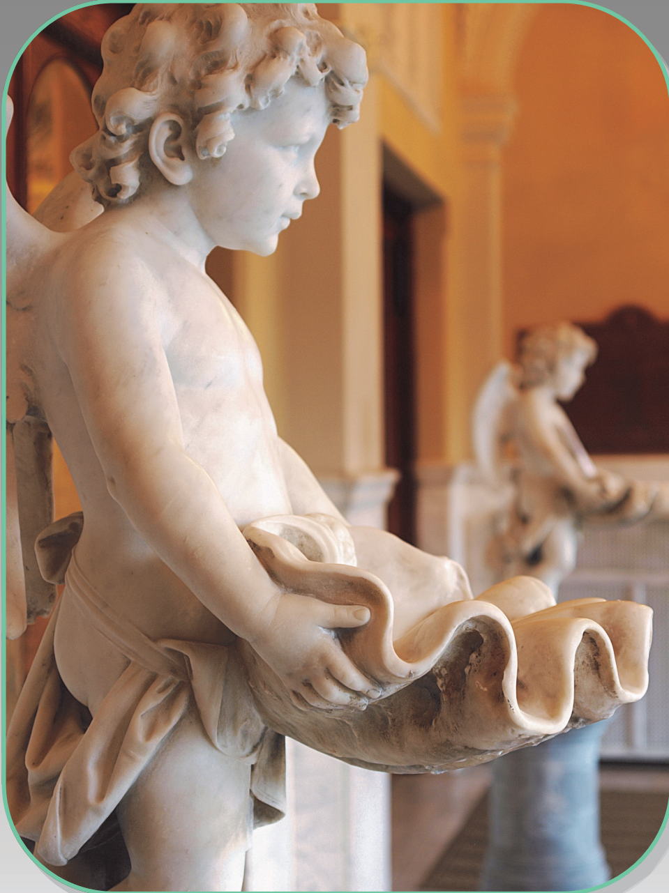
St. Patrick Church

Saint Patrick Parish Serving the East Bayfront of Erie since 1837 Daily Mass 8 AM Saturday Vigil Mass 5 PM Sunday 8 AM & 10:30 AM
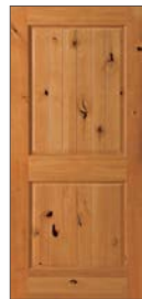
Knotty Alder 2-Panel V-Groove

______

What you need to do
Output the listing unchanged, pictures excluded.

Exercise answer
St. Patrick Church

Saint Patrick Parish Serving the East Bayfront of Erie since 1837 Daily Mass 8 AM Saturday Vigil Mass 5 PM Sunday 8 AM & 10:30 AM
Knotty Alder 2-Panel V-Groove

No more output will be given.